Furthermore, if the negotiations are going so poorly that Israel will only agree to keep them going if Pollard is let out, then the two sides stand very little chance of coming to an agreement. That being the case, why release Pollard for such an ephemeral concession?

Amen. The US should never be that weak – even when dealing with Israel. Goldblog also doubts that releasing Pollard would advance the peace process:

Pollard’s release would constitute a political triumph for Israeli Prime Minister Benjamin Netanyahu, and it would create feelings of gratitude for Netanyahu among the right-wing ministers in his ruling coalition. But these feelings would dissipate entirely at the exact moment when Netanyahu returns to the business at hand: trading land to the Palestinians in exchange for peace. These feelings would also dissipate, though not quite to the same degree, the moment Netanyahu once again began releasing Palestinian prisoners to the custody of the Palestinian Authority.

The right-wing of the Netanyahu coalition, and the right-most members of the prime minister’s own Likud Party, would like very much to welcome Pollard at Ben-Gurion International Airport, but they will not trade land for him, not one inch. To think otherwise is foolish. The cause of Middle East peace will not be advanced by the release of a hapless spy.

Larison weighs in:

Letting Pollard go early (he’s up for parole late next year) might please some hawks, but it would be a bad decision and one that ought to invite scorn regardless of one’s foreign policy views. Pollard’s release shouldn’t be part of these negotiations, but if it is the U.S. ought to get much more in exchange for giving up something that Israeli governments have sought for decades. Unless the administration wants nothing more than to convey just how desperate it is to get even the smallest concession from Israel on settlements, the deal as reported seems to be a very bad one.

Josh Marshall also wants more for Pollard’s release:

Pollard should be a chit. As I said, he’s served almost all of his minimum sentence. And it’s entirely reasonable to free even the worst of spies to secure critical US interests. This is certainly one. But here we seem even to be considering offering this prize in exchange for inconsequential concessions which can easily be taken back once Pollard is in Israel.
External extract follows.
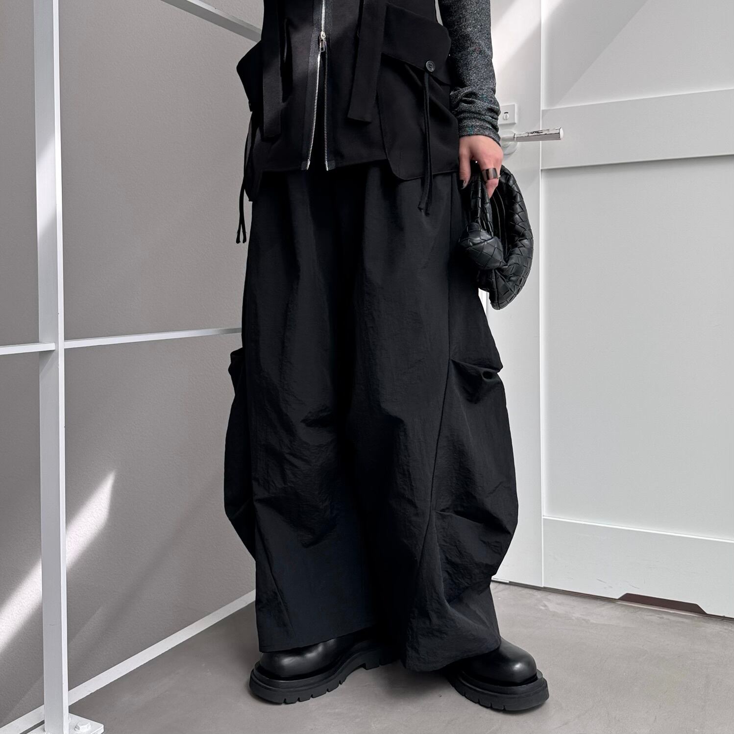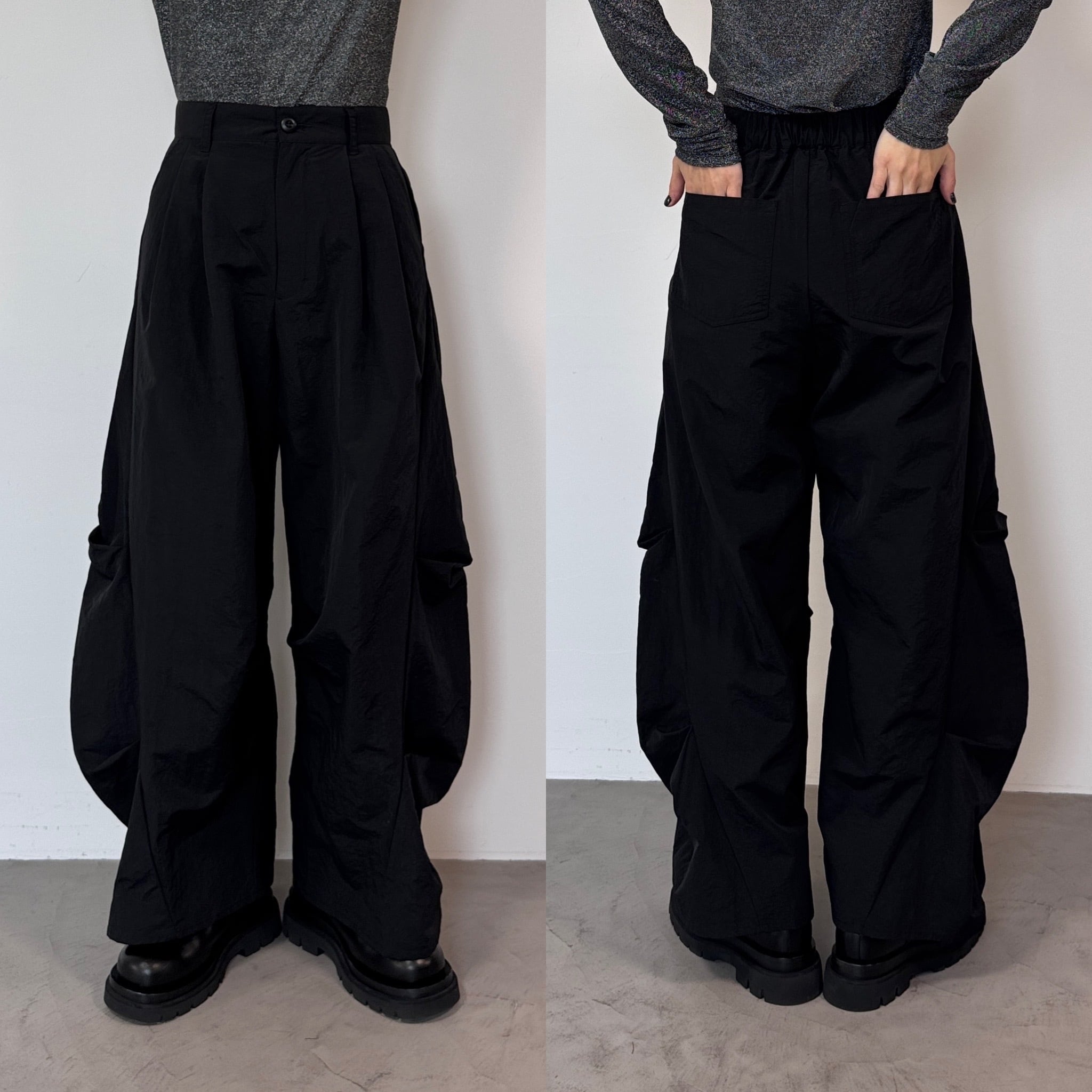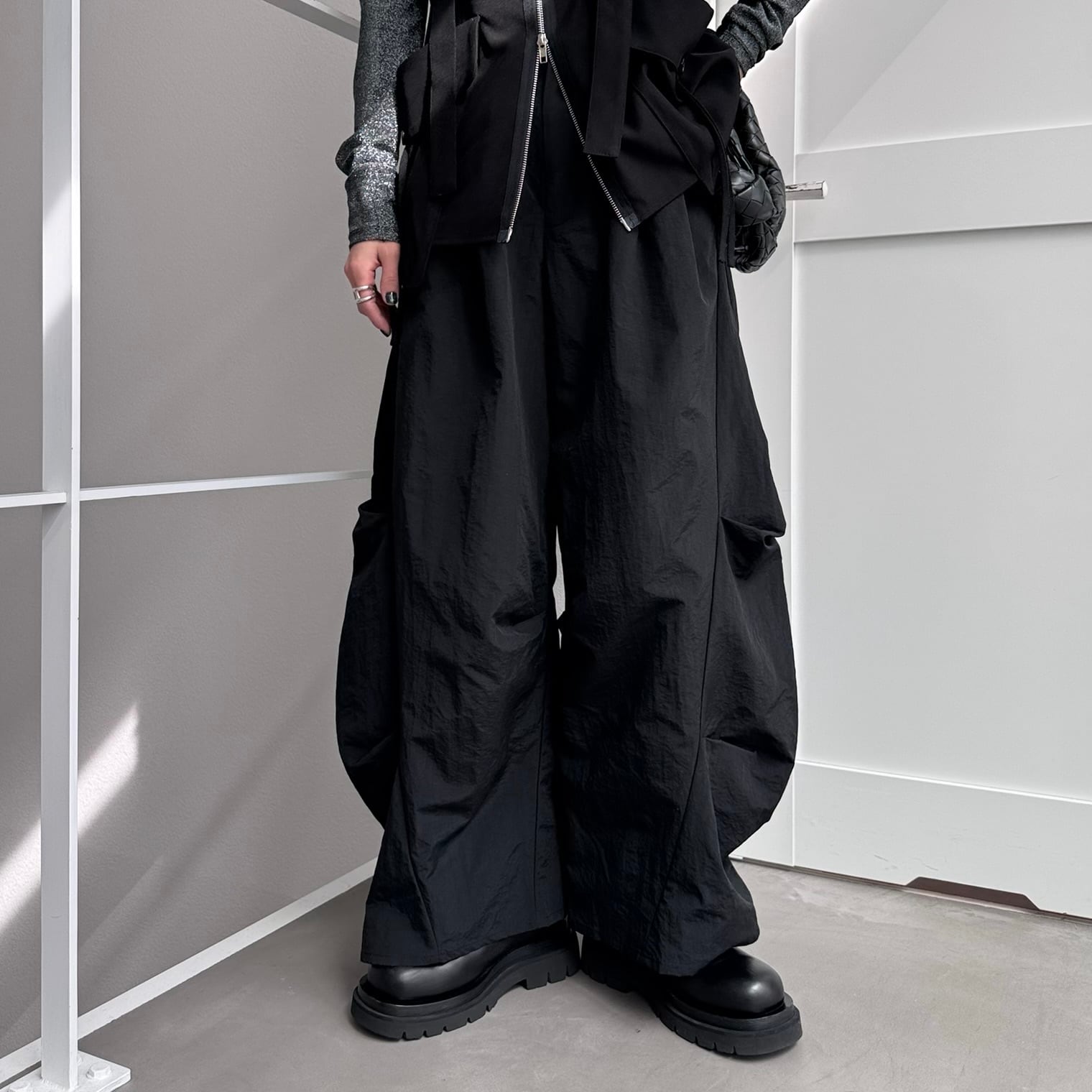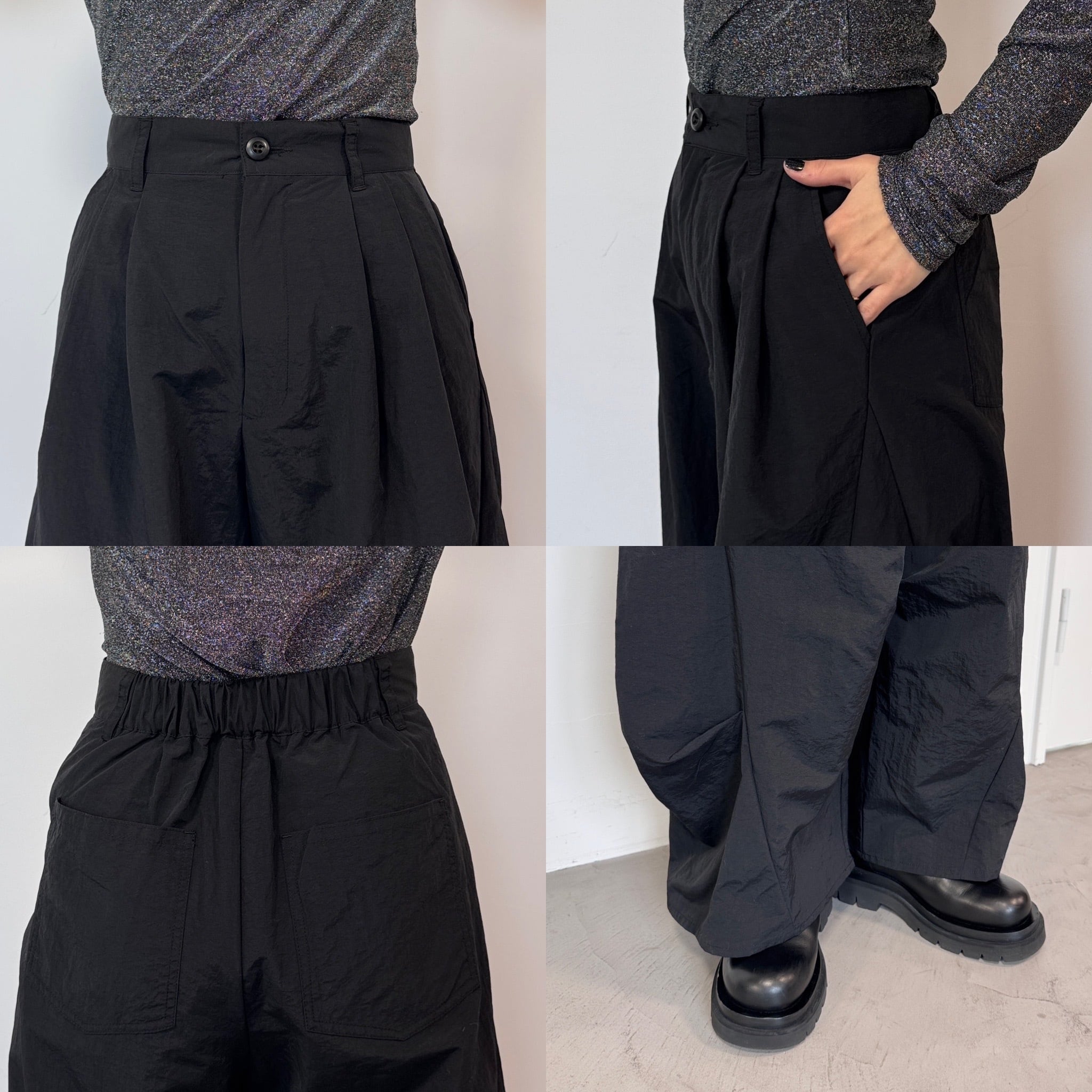 春夏に適したさらっとしたナイロンタフタ素材バレルシルエットパンツ。両サイドのタックで、立体感のあるコクーンのようなシルエットをつくり、柔らかな印象に。ゆったりワイド幅で下半身をしっかりカバー。存在感のあるシルエットとシンプルなデザインは様々なアイテムと相性が良く、幅広いスタイリングに対応可能です。ベーシックなトップスはもちろんの事、ワイドシルエットを活かしたモードテイストのアイテムとの相性も良い1着です。

Aaron David Miller gets the final word:

If Barack Obama wants to release Jonathan Pollard because he’s paid his dues, then let him do so on humanitarian grounds. But don’t introduce other matters into an already dysfunctional negotiation, try to justify the release in the name of a peace process that isn’t going anywhere, undermine the intelligence community in the process, and pretend to be pro-Israel by doing something that even the most pro-Israeli president in U.S. history, Bill Clinton, wouldn’t do. Releasing Pollard won’t save the peace process. But not releasing him will spare us all a boneheaded move and yet another tactic in search of a strategy.